Like Martha Stewart, I. Lewis Libby Jr. and other high-profile fibbers, Jones learned the hard way that it’s best to play it straight when talking with federal investigators and/or grand juries.
“I want people to think twice before lying,” said U.S. District Court Judge Kenneth W. Karas of the southern district of New York in pronouncing a six-month sentence. “I want to make them realize no one is above the law.”
Before her guilty plea last year, Jones, 32, had denied to investigators and a grand jury that she used performance enhancing drugs from the Bay Area Laboratory Co-operative.
Authorities allege that the California concern supplied steroids, human growth hormone and other substances to athletes. The investigation into the lab is at the center of revelations that track stars, baseball players and other athletes used performance-enhancing drugs.
Jones also told investigators she didn’t know about a check-fraud and money-laundering enterprise that involved Tim Montgomery, another Olympic sprinter and her former partner.
In October 2007, Jones admitted she had lied in both cases and that she had used performance-enhancing drugs in 2000 and 2001.
“I have let my country down, and I have let myself down,” said Jones, who has been stripped of the five medals (three gold, two silver) that she won at the 2000 Olympic Summer games in Australia.
The Jones case was similar to Stewart’s. The media leader and television personality was convicted in 2004 on four counts of obstructing justice and lying to investigators about a suspicious stock deal. Stewart served five months in a federal penitentiary.
Similarly, in March of last year, Libbey, the former chief of staff of Vice President Dick Cheney, was convicted of lying to F.B.I. investigators and a grand jury. The jury had been looking into the leaking of information to the press about Valerie Plame, a CIA operative. President Bush commuted Libby’s sentence in July.
Barry Bonds, Major League Baseball’s all-time home run leader, now faces perjury charges. Prosecutors charge that he lied to to federal investigators and a grand jury in the BALCO case.
In the past, Bonds has offered an explanation identical to one used by Jones before she admitted her steroid use. He and she both stated that they had been told they were being given flaxseed oil, not steroids, as part of their training.
The BALCO case investigation figures heavily in the report on illegal performance-enhancing drugs released in December by former Sen. George J. Mitchell.
Although she denied her steroid use for years, Jones suffered a kind of guilt by association for a long time.
Her first husband, shot putter C.J. Hunter, failed four tests for steroids before the 2000 Olympic games. He also was a focus of the BALCO case, as were Trevor Graham, Jones’ former coach, and Montgomery, her former partner and the mother of her first child.
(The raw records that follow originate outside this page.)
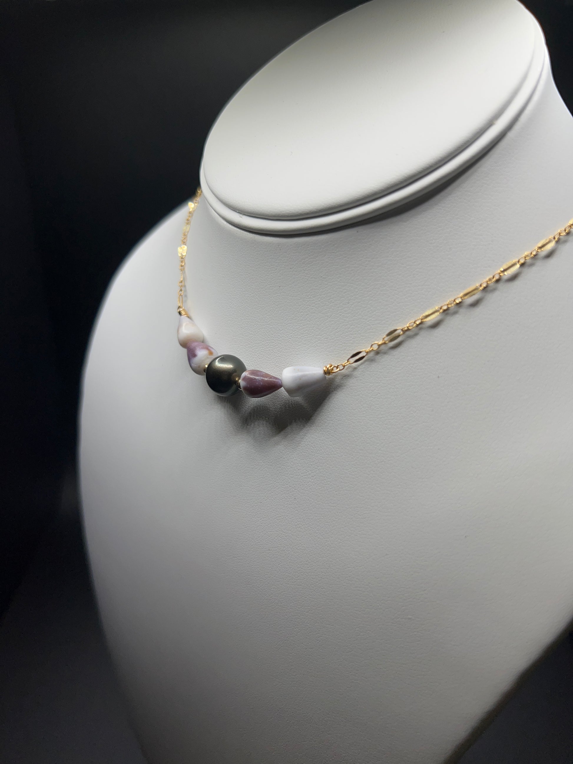 Minimal yet deeply connected to the sea, the Kai Bar Necklace is a tribute to the ocean’s timeless beauty. Featuring a sleek horizontal bar design, this piece is adorned with handpicked cone shells and a radiant Tahitian pearl. The name Kai—Hawaiian for "sea"—perfectly reflects the tranquil yet powerful spirit of the ocean.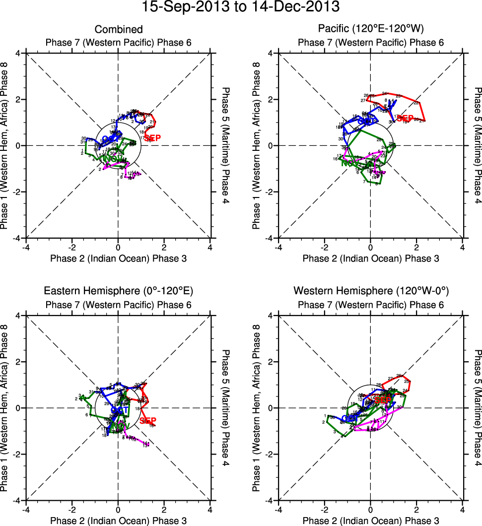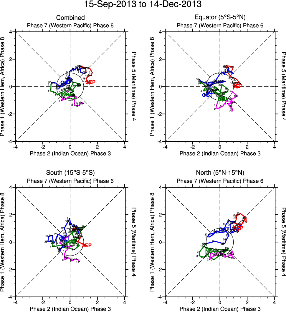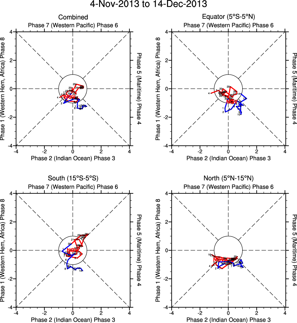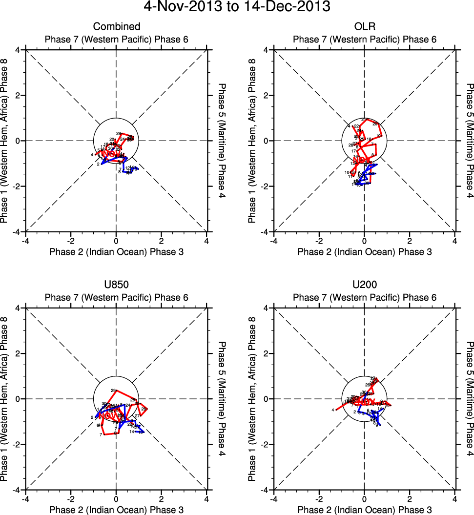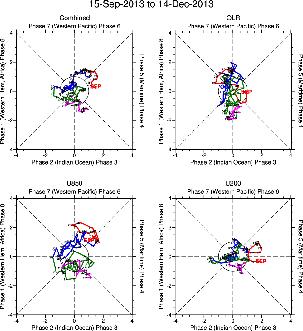 Wheeler and Hendon (2004) constructed the RMM index for monitoring the MJO. This index consists of the first two principal components (PCs) of OLR, 850-hPa zonal wind, and 200-hPa zonal wind averaged 15S-15N.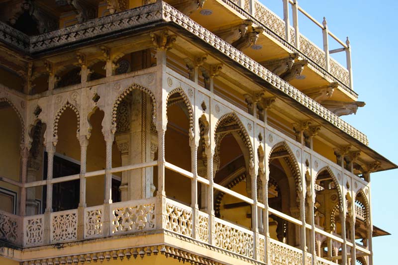 The city palace which is in Jaipur is built by Sawai Jai Singh II. He was the ruler of Amber. This was built between 1729 - 1732. The city palace includes the Chandra Mahal and Mubarak Mahal. Now it is one of the most famous tourist places. Here we can see the mix of Rajasthani and Mughal Architecture in Chandra Mahal. Also, there are paintings of Rajasthani, Mughal and persian schools. There are museums which showcase the different types of weapons used by the warriors, and also there is a display of dresses and costumes of the former Maharajas and Maharanis.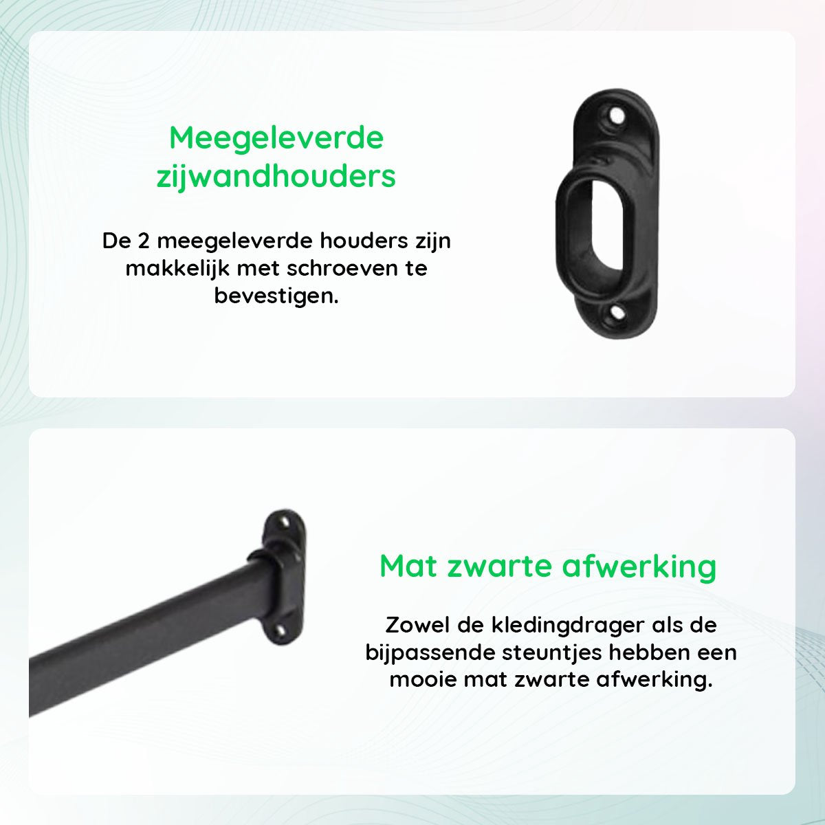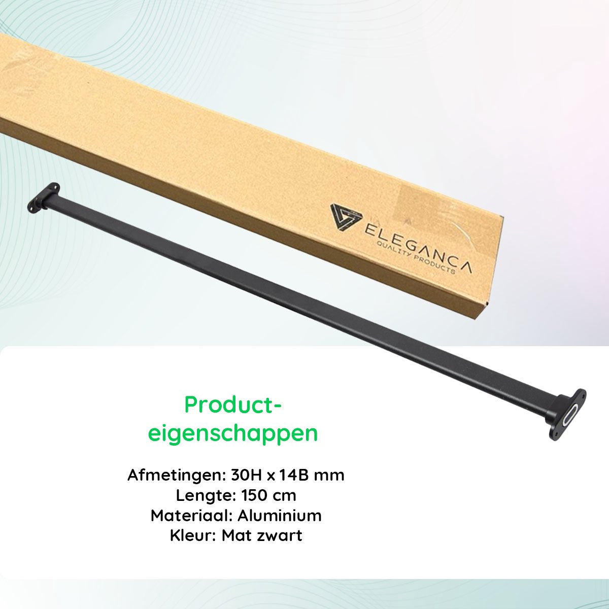 Eleganca Kledingstang 1.5 m – Kledingroede – Extra stevig Aluminium – Garderobestang – Kledingstang – Inclusief Kastroededragers en Schroeven - Zwart

In 2004, Montgomery admitted to a grand jury that he had used human growth hormone and steroids received from BALCO.
Montgomery also testified that Victor Conte, the founder of the Bay Area lab, told him he supplied steroids to Bonds. Conte denies this.
In April 2007, Montgomery pleaded guilty for his role in a check-fraud and money-laundering scheme. Jones admitted that she lied about her knowledge of his participation in the fraud. Jones is now married to former Olympic sprinter Obadele Thompson. They have one child.
Steve Riddick, who coached both Jones and Montgomery, was also involved in the check-fraud case. Karas sentenced him Friday to five years and three months in prison.